The cost of analytic insight also increases with the complexity of your tools. If your analysts need to write complex code to analyze your data, you will need higher-skilled, more costly analysts in order to extract insights from the data, and it will take them more time to do so, driving up the TTI.
Companies have approached this problem in different ways. Many have taken the route of simply storing all of their data into a massive Hadoop cluster, or data lake. However, even though it does solve the problem of data being in multiple disparate systems, the data-lake approach does not (necessarily) solve the problem of data being in multiple formats.
Another approach is to use a central analytic platform that ingests an organization’s data via an extract, transform, and load (ETL) process. This approach is also costly in that it requires you to send your data over a network, thereby increasing network usage; store copies of the same data in multiple systems; and transform the data from its original format into a standardized format, which might or might not be suitable for it. Additionally, it creates complexity when the original source systems want to change their schemas. More serious, however, is that this approach requires extensive involvement from an IT department to set up and configure.
Regardless of which approach you take, you can see that deriving value from these disparate datasets is time-consuming, costly, and difficult. This is where Drill can have a major impact.

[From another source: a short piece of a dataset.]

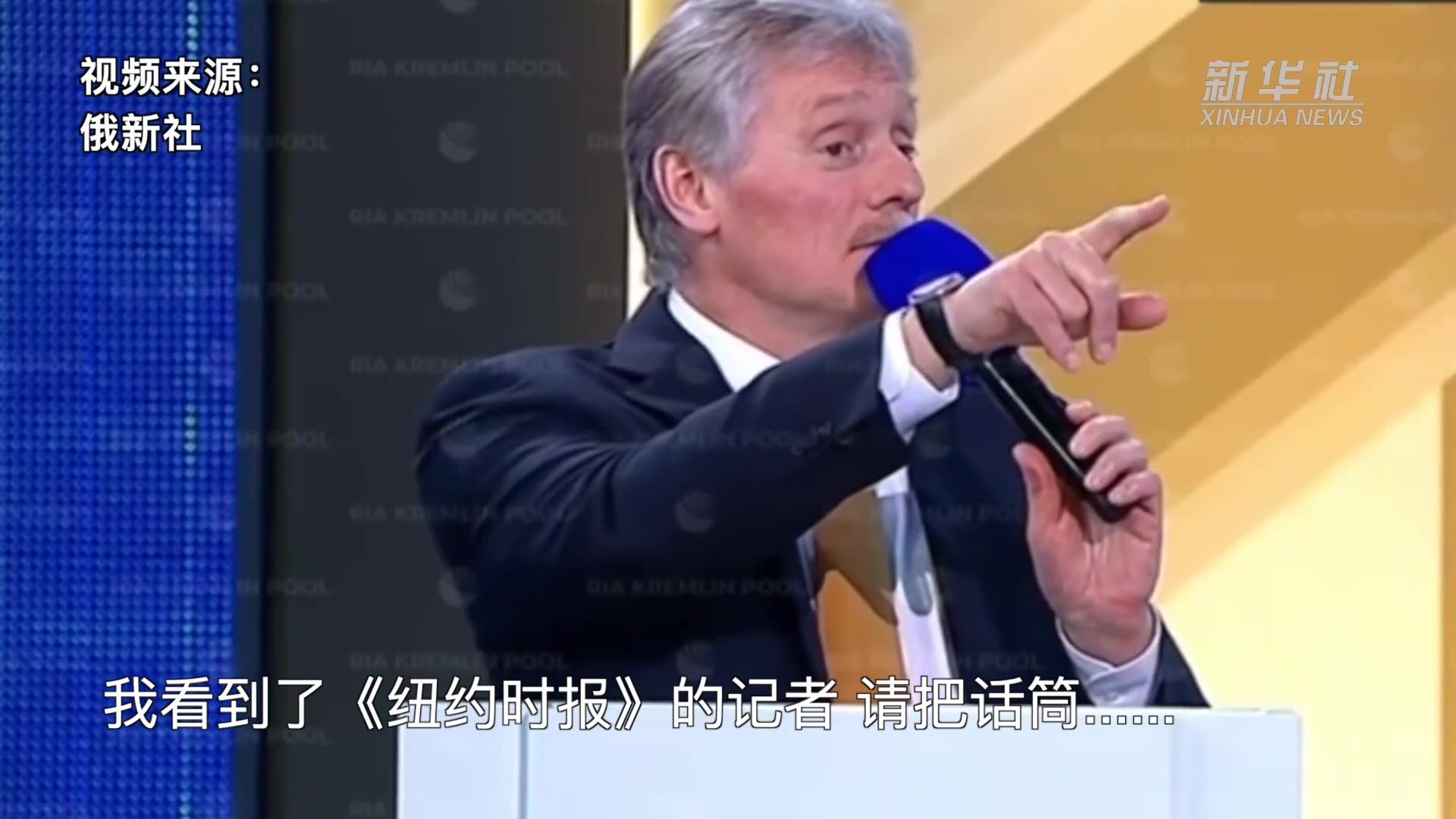 在普京的这场年度新闻发布会上,总统新闻秘书佩斯科夫原本点名《纽约时报》记者提问,但他被普京打断:“不,请新华社记者先提问,然后再让《纽约时报》问。”

Drill is an extremely versatile, powerful, extensible, and easy-to-use tool that can help you analyze your data more effectively, drive down your time to insight, and get more value from your data.
What Is Apache Drill?
At its core, Apache Drill is a SQL engine for big data. In practical terms, what this means is that Drill acts as an intermediary that allows you to query self-describing data using standard ANSI SQL. To use a comparison from the science fiction series Star Trek, Drill acts as a universal translator1 for your data and enables you to use SQL to interact with your data as if it were a table in a database, whether it is or not. Bringing this down to earth, Drill enables an analyst, armed only with a knowledge of SQL or a business intelligence (BI) tool such as Tableau, to analyze and query their data without having to transform the data or move it to a centralized data store.
Drill Is Versatile
One of Drill’s major strong points is its versatility. Out of the box, Drill can query a wide variety of file formats, including:
-
CSV, TSV, PSV, or any delimited data
-
JSON
-
Parquet
-
Avro2
-
Hadoop Sequence files
-
Apache and Nginx web server logs
-
Log files
-
PCAP/PCAP-NG
Chapters 4 and 5 explain how to query these file formats.
In addition to being able to query a wide variety of file formats, Drill can query data in external systems including:
-
HBase
-
Hive
-
Kafka for streaming data
-
MapR-DB
-
MongoDB
-
Open Time Series Database
-
Nearly any relational database with a JDBC driver
Finally, Drill supports files stored in a variety of distributed filesystems such as:
-
Hadoop Distributed File System (HDFS)
-
MapR-FS
-
Amazon Simple Storage Service (S3)
Chapter 6 explains in detail how to connect Drill to these source systems and query them.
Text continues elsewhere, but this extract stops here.